If Joe Biden wins the presidency, he will be faced with a hundred pressing problems and a thousand things to repair from the Trump years. Nevertheless, he will have little choice but to concentrate on the climate crisis.
Until now, for most people the danger has remained at a distance, except for scientists who have done their best to warn us about the speed and power of the storm headed our way. But amid the smoking pall that still hangs over the West and the recovery in Louisiana, after two powerful hurricanes in less than two months, there is no longer any doubt about the immediacy of the danger. And so everything—especially the economic response to the trauma of Covid-19—must flow in the direction of swift climate action.
In 2018 the Intergovernmental Panel on Climate Change told us that we had until 2030 to dramatically bend the curve of emissions—in fact, to cut them in half—if we had any hope of meeting the climate target we’d set in Paris in 2015. That’s a wretchedly difficult goal, on the bleeding edge of the technically possible. And if we do not get started immediately, even that chance will slip away, and with it much of the prospect for a planet capable of sustaining civilizations like the ones we’re used to. If we want to avoid such a fate, the US will have to act quickly and, for the first time, actually take a leadership role in the international climate effort.
So what could President Biden do during his first days in office? He could accomplish a few important things by executive action: he’s already promised to stop new oil and gas drilling and coal mining on America’s public lands. This is good news, since if those public lands were their own country, they would rank among the world’s five largest sources of carbon. He could also announce that the federal government will not just allow California to ban gas-powered cars by 2035 but will encourage other states to do so as well.
If Biden has a working Senate majority he may be able to do much more. The Green New Deal looked like an impossibly large legislative lift when it was first unveiled two years ago. But the young people from the Sunrise Movement, who brought it to the fore, have proved to be prescient. Given the scale of joblessness resulting from the Trump administration’s bungled pandemic response, it suddenly seems plausible to undertake industrial policy—in this case steering infrastructure dollars toward clean-tech sectors—at a level we haven’t seen since the 1960s. That seems to be how the EU, China, and other nations have decided to respond—Beijing’s pledge to be net zero by 2060 is in essence a pledge to pursue renewable energy nonstop for decades to come.

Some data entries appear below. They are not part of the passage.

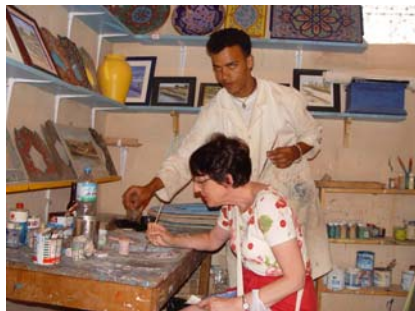
l'art du pinceau
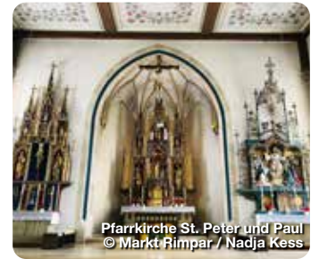
Pfarrkirche St. Peter und Paul
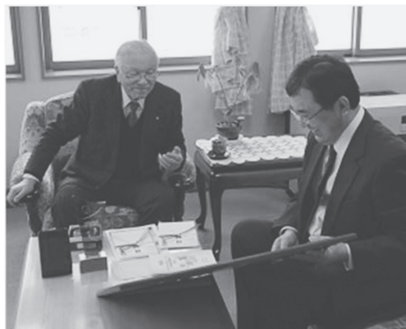
受賞を小鹿町長(写真左)へ報告
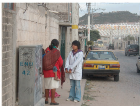
Mujer Otomí: el Rebozo

Los hombres han perdido totalmente su vestimenta original, la mujer usa falda de manta, blusa con encaje de tela floreada faja, quexquémel 21 , rebozo y morral bordado, esta vestimenta se puede observar en Santiago Mextititlán, sin embargo ya no en la Colonia Nueva Realidad. Algunas mujeres, especialmente las que tienen niños en brazos utilizan el rebozo.
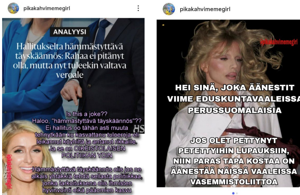
Kuvat 23 ja 24: 24. huhtikuuta 2025 julkaistu meemi ja 11. maaliskuuta julkaistu meemi

merkityksen taakse. Myytti puolestaan voi tarvittaessa ”piiloutua” objektikielen merkityksen taakse. Myytti ja sen toimintalogiikka ovat rinnastettavissa hegemonian ja diskurssin käsitteisiin. 27. helmikuuta 2025 julkaistu meemi nimeää hegemonisen diskurssin – ”keskiluokkanormin” – jota se kritisoi. @pikakahvimegirl-meemit purkavat hegemonisen diskurssin argumentaation logiikkaa, jota voisi @pikakahvimegirl-meemien omin sanoin kutsua keskiluokkanormiksi. Meemit toimivat mytologin tavoin: ne purkavat porvarillisia myyttejä, tai keskiluokkaisia ja neoliberaalin diskurssin kyllästämiä merkityksenantoja, ja tekevät käsitteen merkitykseen kohdistuvan vääristymän näkyväksi. (Barthes 1994/1957, 189, 204–205.)
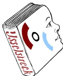
Logo van de nieuwe werkgroep COC-bibliotheek uit 1996
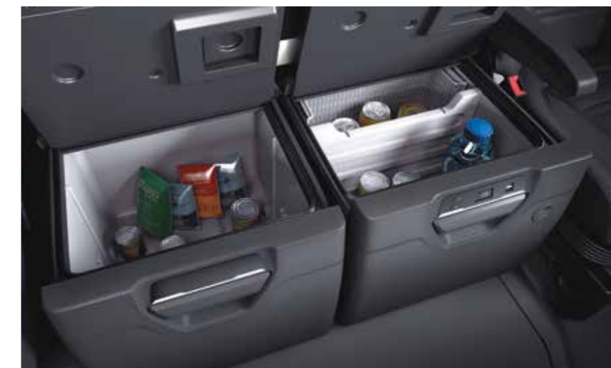
Große Auswahl an Kühlbox- und Kühlschranks-Kombinationen mit bis zu 100 Litern Gesamtfassungsvermögen – auch erhältlich mit Gefrierfach.
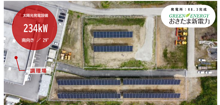
※ 太陽光発電所はPPA方式により、おきたま新電力（株）が設置しました。

また、毎日の給食米は「長井産のはえぬき」を使用しているため「食材と電力の地産地消」を達成しています。
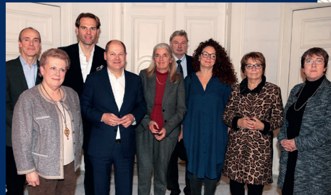
Der Bevollmächtigte beim Deutsch-Französischen Kulturrat 2016, Hamburg Le Plénipotentiaire lors du Haut Conseil Culturel franco-allemand 2016, Hamburg
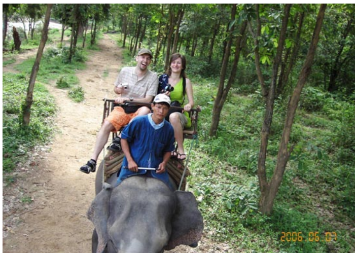
Der Ritt auf dem Elefanten

Mittagessen gibt es dieses Mal auf einer Orchideenfarm wo sich unter anderem handgroße Schmetterlinge rumtreiben. Und wenn ich da an die Spinne im Luang Garten von gestern denke und das mit den Schmetterlingen hier vergleiche, dann muss ich sagen, dass hier die Größenverhältnisse und Proportionen wenigstens wieder stimmen.
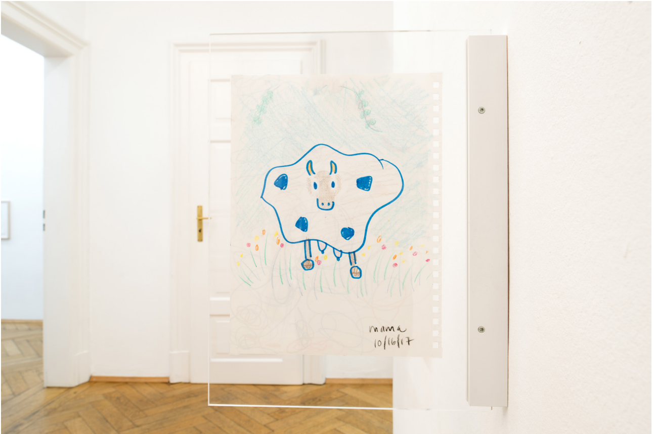
Kitty Cat Meow Meow Untitled , 2017 Coloured pencil, felt pen on paper 31 x 23 cm
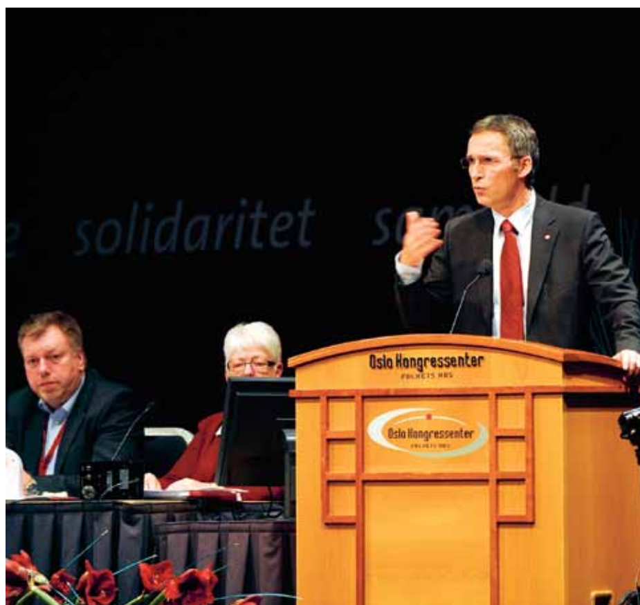
Ønsker kritikk: Statsminister Jens Stoltenberg.

– Det er mange grunner til at vi har et høyt sjukefravær, fortsatte han. En stor del av den voksne befolkningen er i arbeid, det innebærer at også folk med ulike helseproblemer er i arbeid. I mange andre land hadde disse stått utenfor arbeidslivet. Jeg vil heller ha et land med høy sysselsetting og høyt sjukefravær, enn lav sysselsetting og lavt sjukefravær. Men når det er sagt går sjukefraværet for
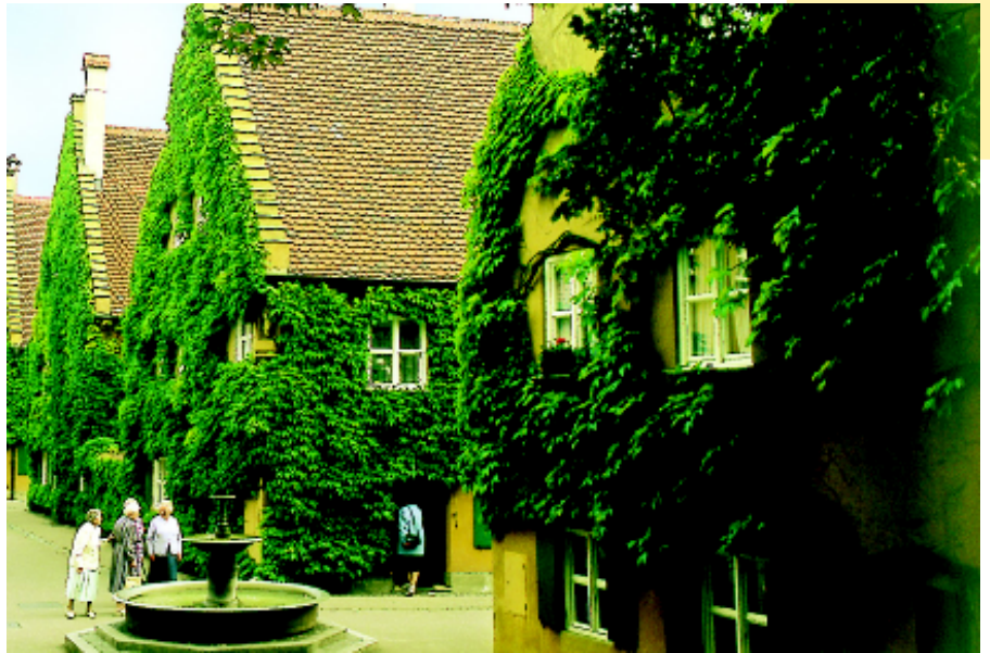
Sozialer Wohnungsbau mit Tradition: In der Fuggerei gibt es auch heute noch sehr günstige und schöne Wohnungen – und das mitten in der Innenstadt.
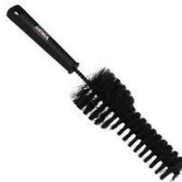
SZCZOTKA DO FELG
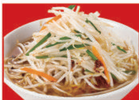
もやしそば 730円(税込)
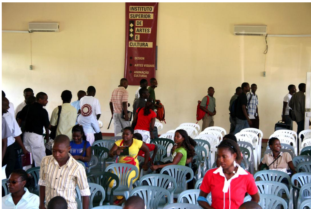
Fra designutdanningen i Mosambik ved Instituto superior de artes e cultura (ISAC) i Maputo.

Kunsthøgskolens engasjement i nord-sør-prosjekter dannet et godt grunnlag for søknaden høsten 2010 om godkjenning av studieprogram og tildeling av seks studieplasser under Kvoteordningen for studieårene 2011-2014.
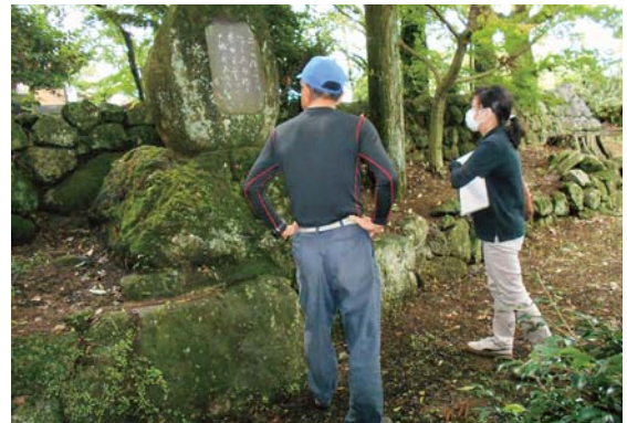
農山村モデル集落の現地調査
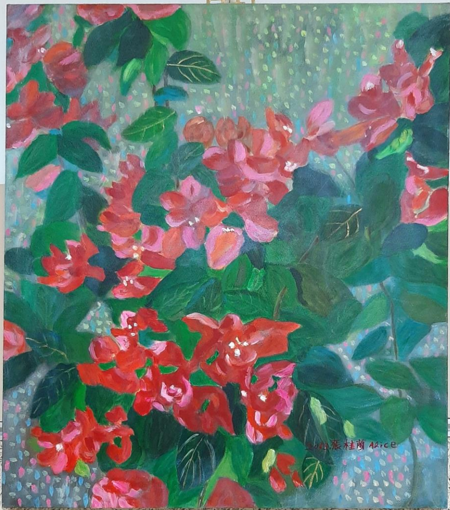
恩典夠用的祿 題目 團結力量大 尺寸 10F 材質 壓克力 說明
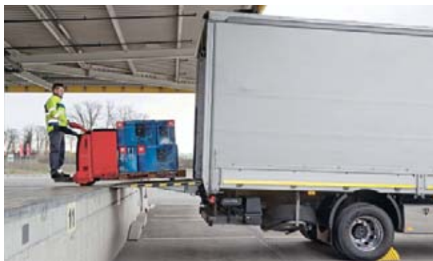
5 Mettere in sicurezza il veicolo per evitare spostamenti accidentali (cuneo).
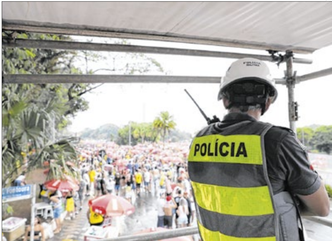
Sete pessoas foram presas durante o último fim de semana em São Paulo

A Polícia Civil de São Paulo prendeu sete pessoas no último fim de semana utilizando policiais com fantasias infiltrados em blocos de rua da capital. Entre sábado (22) e domingo (23), ao menos 30 celulares foram recuperados pelos agentes.
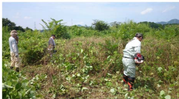
就労体験：除草作業
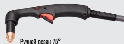
Ручной резак 75°

(дополнительные варианты резаков см. на веб-сайте www.hypertherm.com )
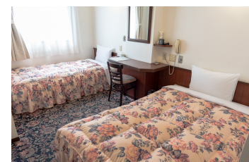
ツインルーム Twin Room
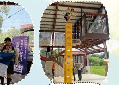
114.07桃園市全市大露營
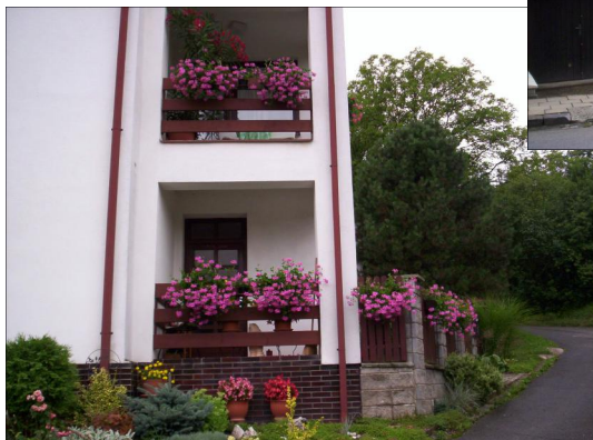
Jarmila Ulčíková.
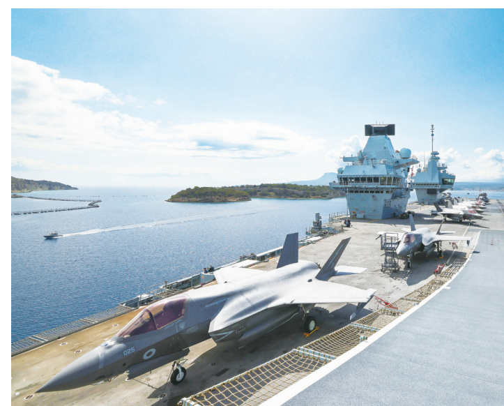
▲ 由英國最先進航空母艦「威爾斯親王號」領軍的艦隊打擊群，預計數週內進入印太區域水域。(英國國防部提供)

「CAR-T 細胞療法」透過基因改造自身細胞來消滅腫瘤，使得患者壽命延長機率達 40%。(Photo by National Cancer Institute on Unsplash under C.C License)
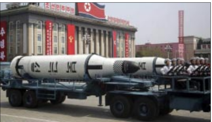
SEUL.-El vicepresidente Mike Pence, dijo ante un grupo de militares estadounidenses, "La provocación de esta mañana del Norte es simplemente el último recordatorio de los riesgos que encara cada uno de vosotros cada día"

El vicepresidente afirmó durante la cena que «el compromiso con esta alianza histórica» es más ahora fuerte que nunca. El número dos de la Administración Trump se reunirá mañana con el presidente surcoreano en funciones, Hwang Kyo-ahn, y con el presidente de la Asamblea Nacional (Parlamento), Chung Sye-kyun.
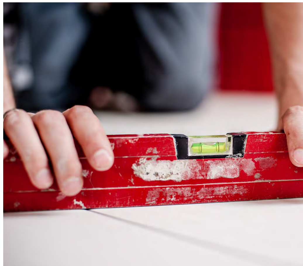
Työnantajat arvostavat nuoren työntekijän aloitteellisuutta.

– Näitä taitoja nuorten kannattaa tuoda esiin esimerkiksi juuri nyt kesätöitä hakiessa, koulutuspoli-
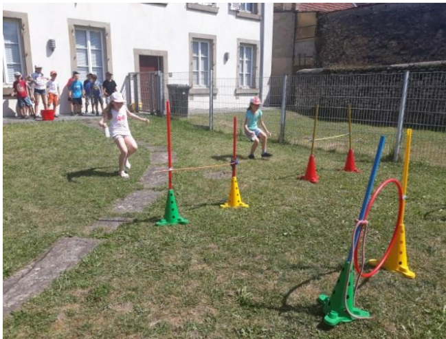
Jeux d'eau avec parcours d'obstacle

One can imagine Biden, born and raised in Scranton, Pennsylvania, as the pitchman for an aggressive build-out of sun and wind power across the US, reactivating Rust Belt factories and signing union deals with clean-energy tycoons. But it’s not called global warming for nothing. So the Biden administration will need to work at least as hard to consolidate international action. The US remains the world’s largest economy, and therefore should have the persuasive power to convince intransigent leaders—think Brazil’s Jair Bolsonaro—to shift their approach.
None of this is easy and all of it will require a willingness to do something that no administration, Republican or Democratic, has ever been willing to do: truly take on the fossil fuel industry, which has for so long dictated government energy policy. Twelve years ago, when Biden took office as vice-president, the power of corporations like Exxon and Chevron was still almost unassailable. But since then, two things have changed. First, the price of solar and wind power has dropped by 90 percent and clean energy now represents the most obvious economic choice. Second, a significant movement has arisen to erode at least some of the political power of the industry. The fossil fuel divestment campaign, for instance, has seen endowments and portfolios worth more than $14 trillion abandon fossil fuel ties.
To take advantage of the moment, Biden would need to abandon his instinct to move toward the middle. That’s because, at this late date, the middle is actually a choice: it means action too slow to catch up with the physics of climate change. And it is that physics that represents Biden’s deadliest adversary.